GLOBAL miner Rio Tinto posted a six per cent rise in iron ore production in the fourth quarter, powered by Chinese demand, but said coal production suffered after flood-related disruptions in Australia.
Rio Tinto said in a production report yesterday that it produced 50.05m tonnes of iron ore in the fourth quarter versus 47.23m a year ago, in response to strong demand from Chinese steel-makers and setting an Australian mining record.
Fourth-quarter output of hard coking coal was 2.28m tonnes, against 2.12m tonnes a year ago. Rio Tinto’s Australian thermal coal production increased to 5.15m tonnes from 5.02m.
The company said it was unable to estimate the full impact to coal mining operations from Australian flooding, and that force majeure declarations on some sales contracts remained in place after Australia’s wettest spring on record. A force majeure is a legal clause that allows a company to miss deliveries because of circumstances beyond its control.
The floods led Australia and London-listed Rio Tinto to make declarations of force majeure on coal sales over the Christmas period.
And last week the company declared another force majeure after halting shipments of aluminium from its 538,000-tonnes-per-year Boyne Island smelter.

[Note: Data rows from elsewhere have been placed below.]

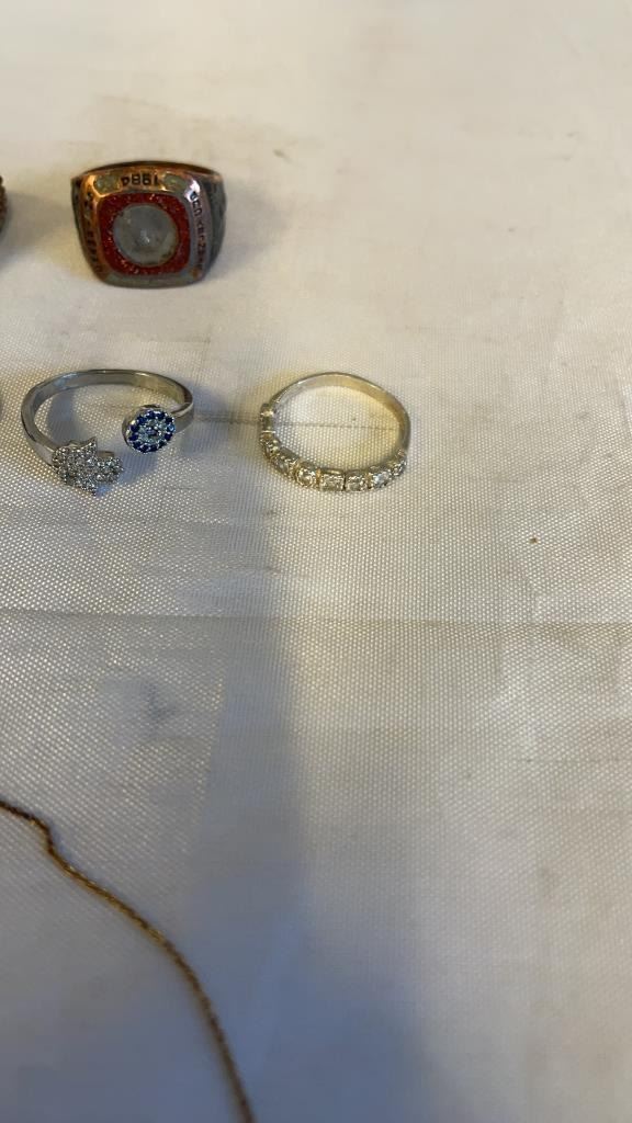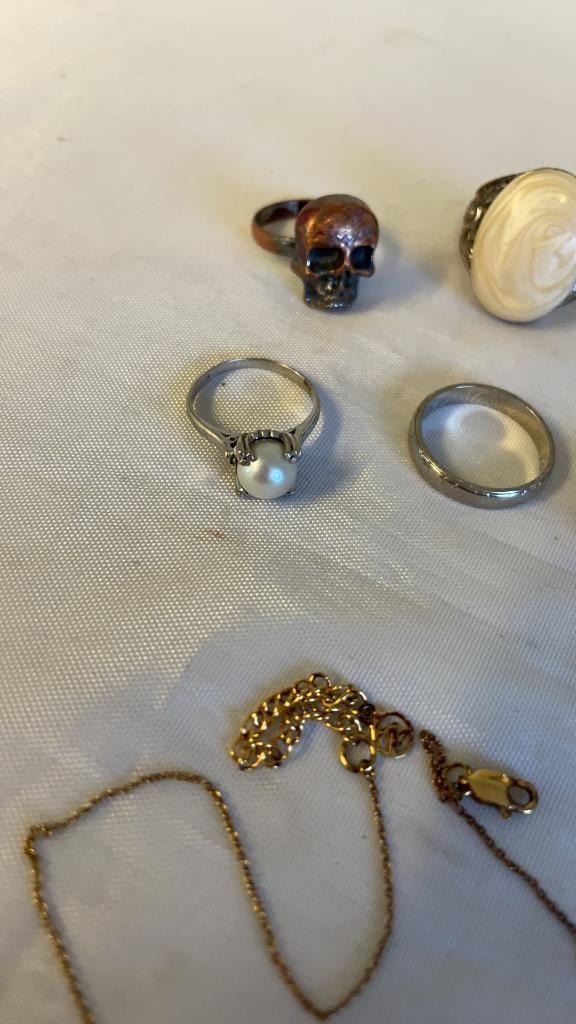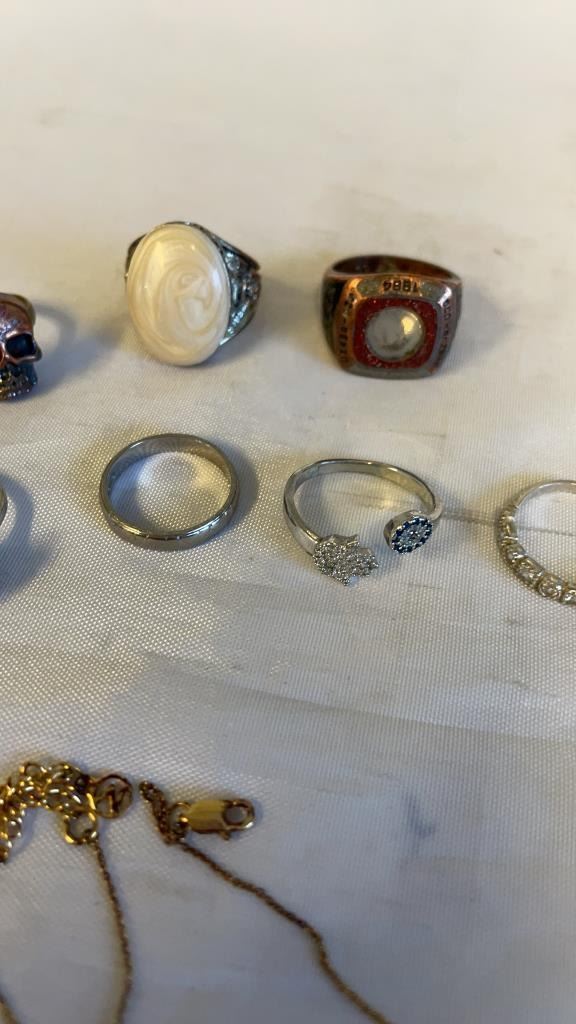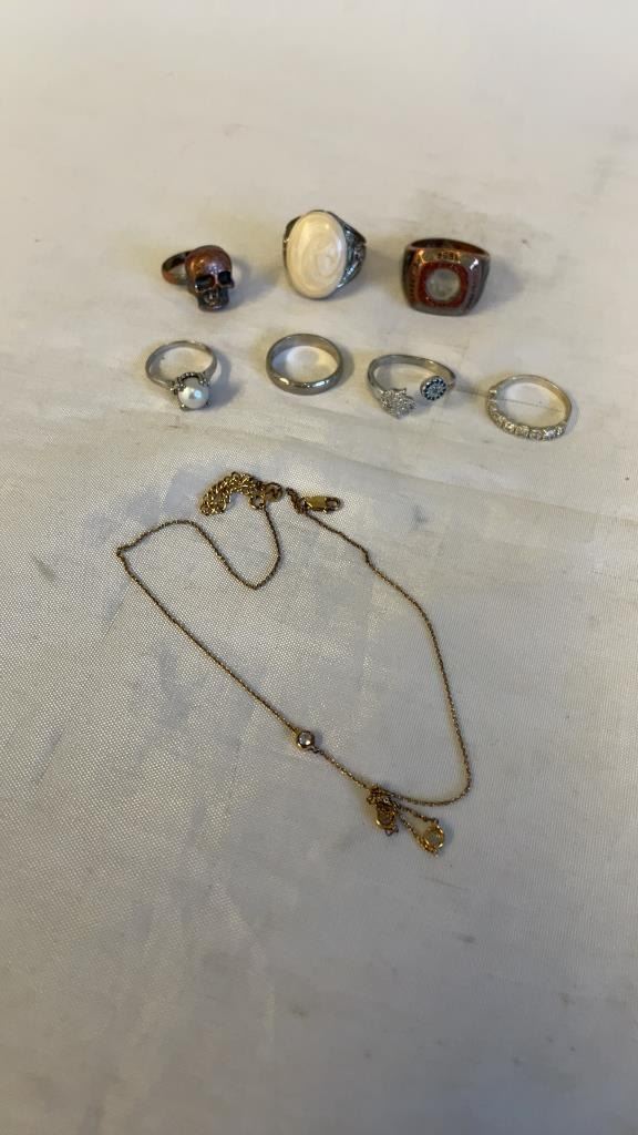 LADIES MARKED ESTATE RINGS AND CHAIN
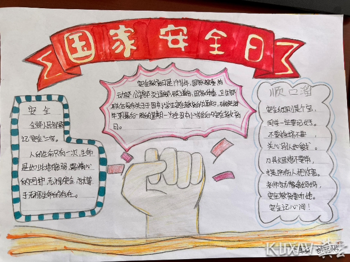随后,老师为同学们上了一堂别开生面的国家安全主题班会,讲述了什么是国家安全、国家安全包含哪些方面、国家安全机关举报受理电话等内容。同学们也通过绘画、手抄报的形式展示了自己对国家安全的理解。
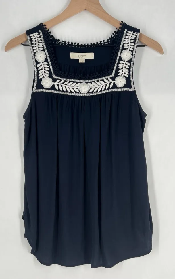 LOFT Navy Square Neck Sleeveless Top with White Floral Embroidery Tank Size XS Stylish dark blue... Show more
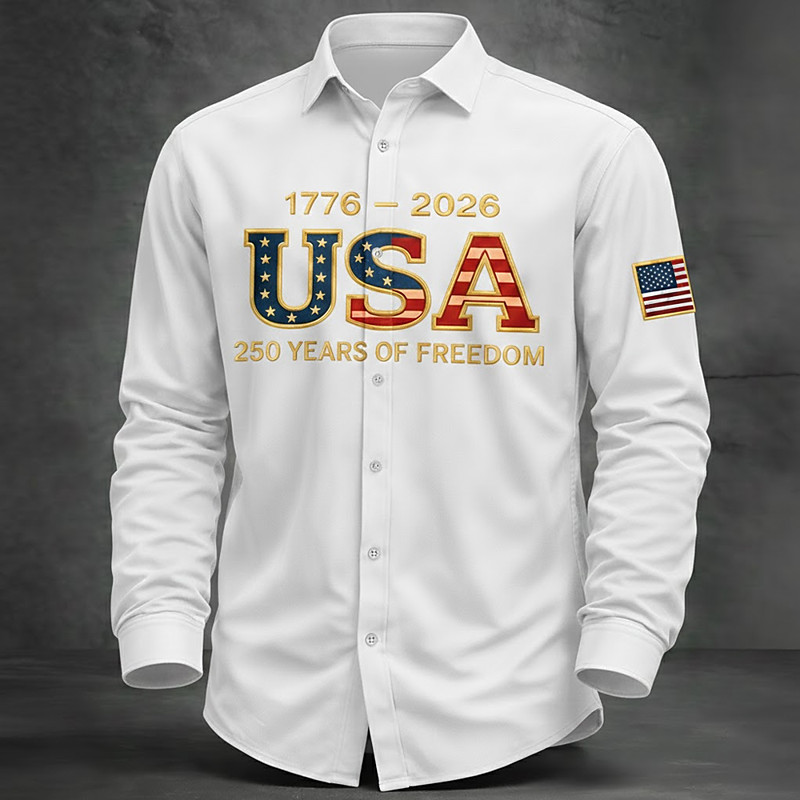 Men's US Flag Patriotic America's 250th Anniversary Shirt Button Up Shirt Long Sleeve Vintage Retro Holiday Casual Daily Spring Fall Turndown 3D Print Linen Like Shirt White Red Dark Blue
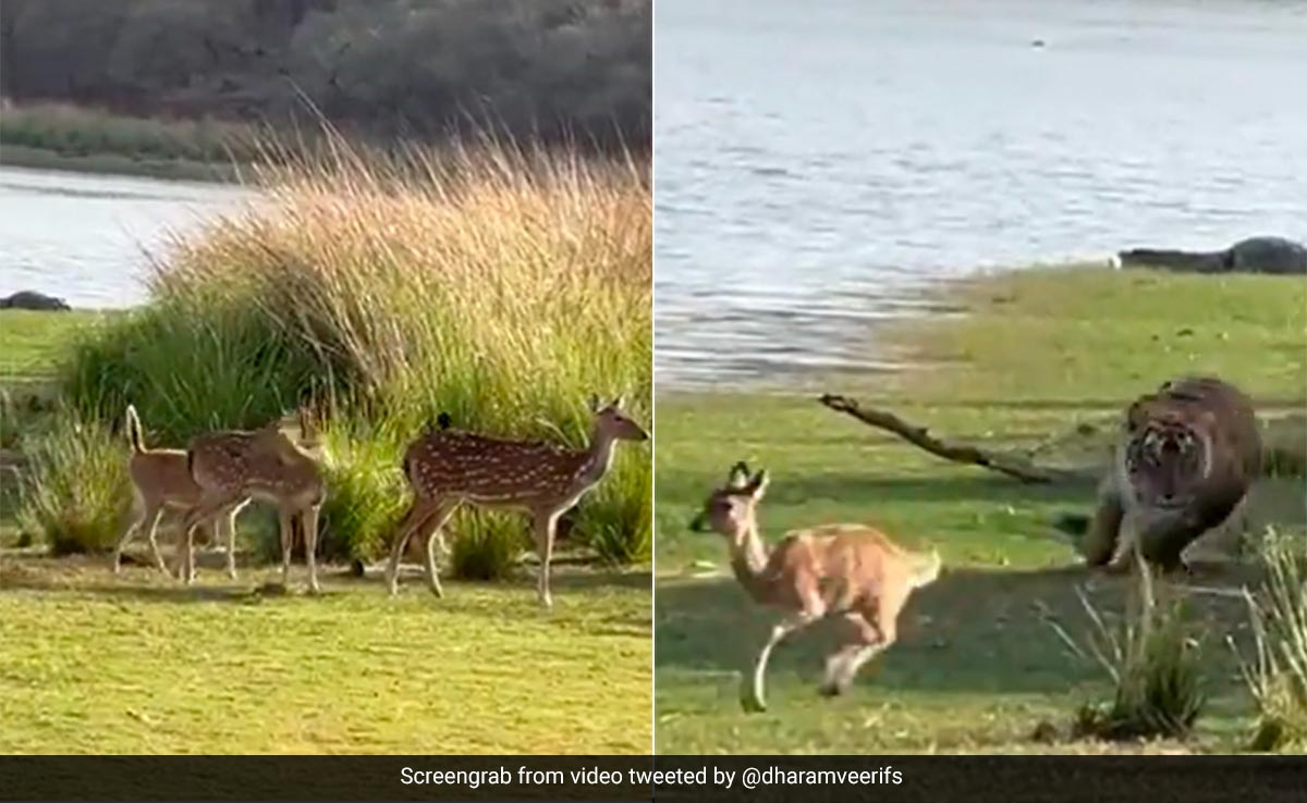 वायरल हो रहे इस वीडियो में आप देख सकते हैं कि नदी किनारे कुछ हिरण (Deer) पानी पीकर वहां से बड़े आराम से टहलते हुए दूसरी ओर जा रहे हैं. आसपास काफी शांति सी दिख रही है. लेकिन तभी झाड़ियों के बीच से कुछ आवाज़ आती है और वहां से एक बाघ अचानक बाहर निकलता है. पहले तो वो धीरे से बाहर आता है, लेकिन अचानक वो हिरणों पर हमला कर देता है. ऐसे में सभी हिरण वहां से भागने की कोशिश करते हैं, लेकिन एक हिरण को बाघ झपटकर दबोच लेता है. आगे बाघ ने उस हिरण का क्या किया वो आप इस वीडियो में देख ही सकते हैं.
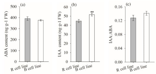 The IAA content in B cell lines was significantly higher (1.2-fold) than that of R cell lines (p = 0.003). There was no significant difference in ABA content and IAA: ABA ratio between R and B cell lines (Figure 10).
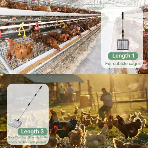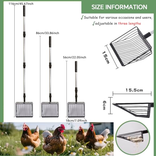 Specifica: Pala da escrementi di pollo, allungabile, in lega di alluminio, regolabile, per pollaio, per pollo, per la pulizia di escrementi di gatto e pollo
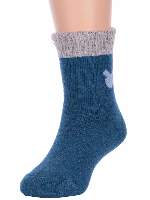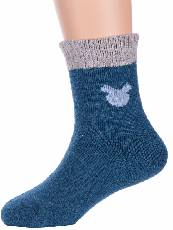 Зимние укороченные детские носки, цвет темно-синий, теплые, повседневные, махровые, шов обычный (не бесшовные), принт (рисунок): контрастные пятка / мысок / резинка, животные, с узором, состав: 35% вискоза, 20% шерсть, 10% ангора, 30% полиэстер, 5% эластан, арт. Ндад7621-06. Производитель «Китай, страна бренда - Россия» под брендом «Hobby line».
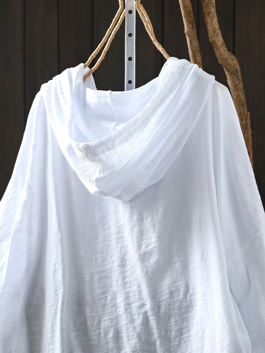 レディース カジュアル 春 ピュアカラー 100%コットン パーカー
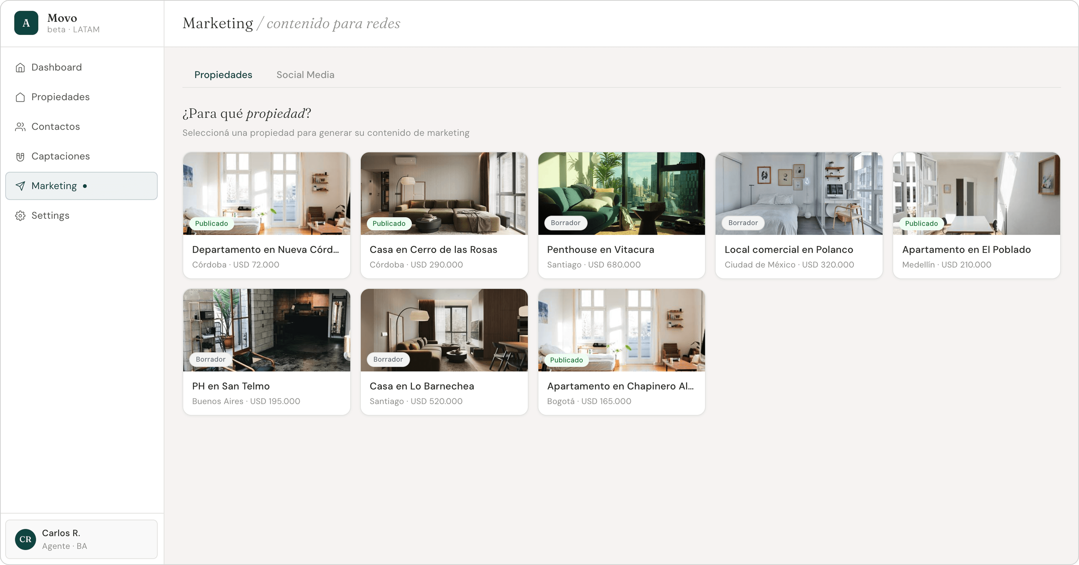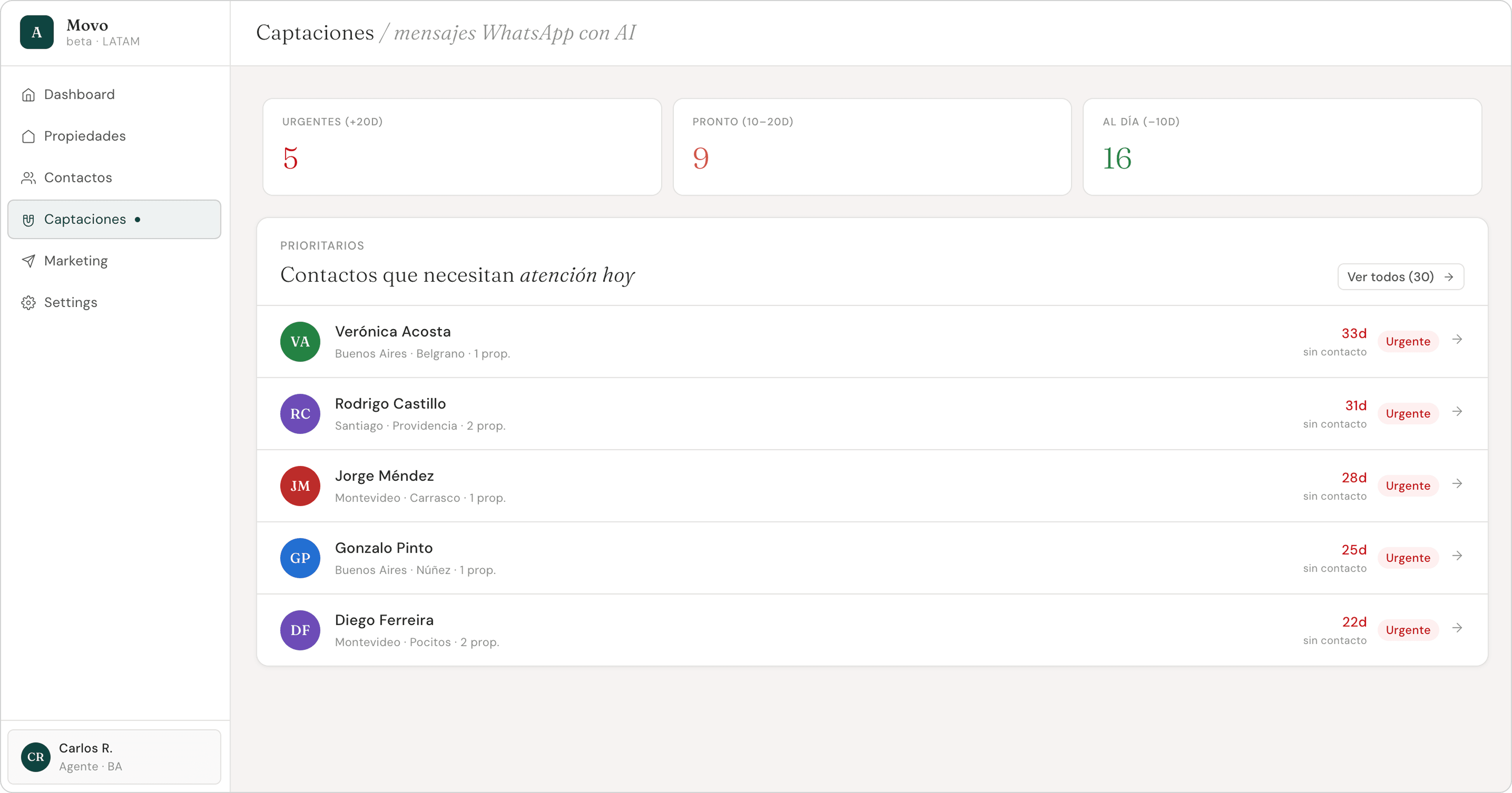 Independent real estate agents in LATAM manage 50+ active contacts — all through WhatsApp, with no system behind them. Follow-ups get dropped. Listings go out late. Social content either gets done manually or doesn't get done at all.
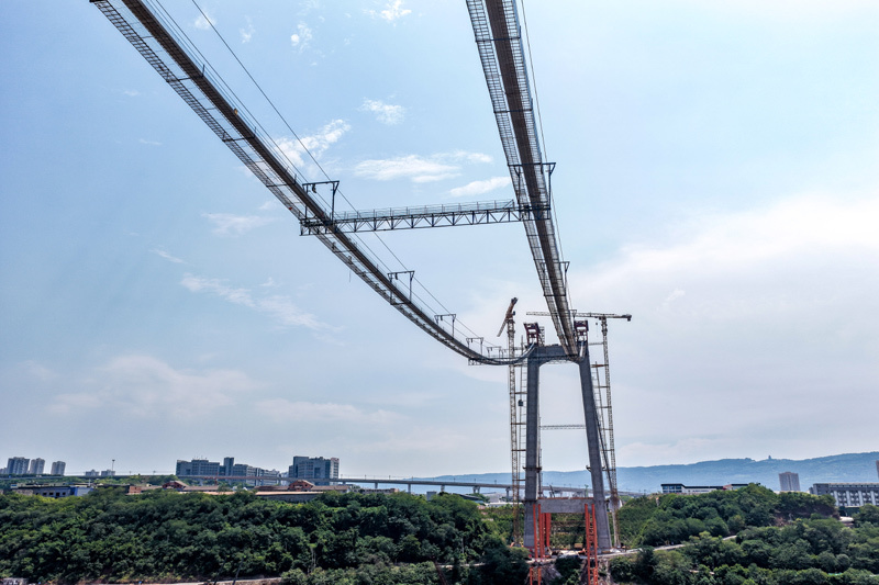 當日,由重慶城投集團投資、城投建設公司組織建設、中國鐵建大橋局承建的黃桷沱長江大橋順利完成主纜架設工作,標志著大橋建設即將進入鋼桁梁吊裝工序。黃桷沱長江大橋全長1260米,主跨765米,為單跨懸吊雙塔三跨連續(xù)鋼桁梁懸索橋,是國內(nèi)最大跨徑公軌兩用懸索橋。黃桷沱長江大橋是渝長高速復線連接道工程的控制性節(jié)點工程,建成后將成為聯(lián)系重慶主城區(qū)長江南北兩岸的重要交通干道。

Rio Tinto’s mined and refined copper output was down nine per cent and six per cent on the fourth quarter of 2009 and down 16 per cent and five per cent on full-year 2009.
The report showed total production of mined copper from the world’s biggest mine, Escondida in Chile, increased to 786,800 tonnes in 2010 from 774,400 in 2009, but dropped to 194,600 tonnes in the fourth quarter from 233,000 a year ago.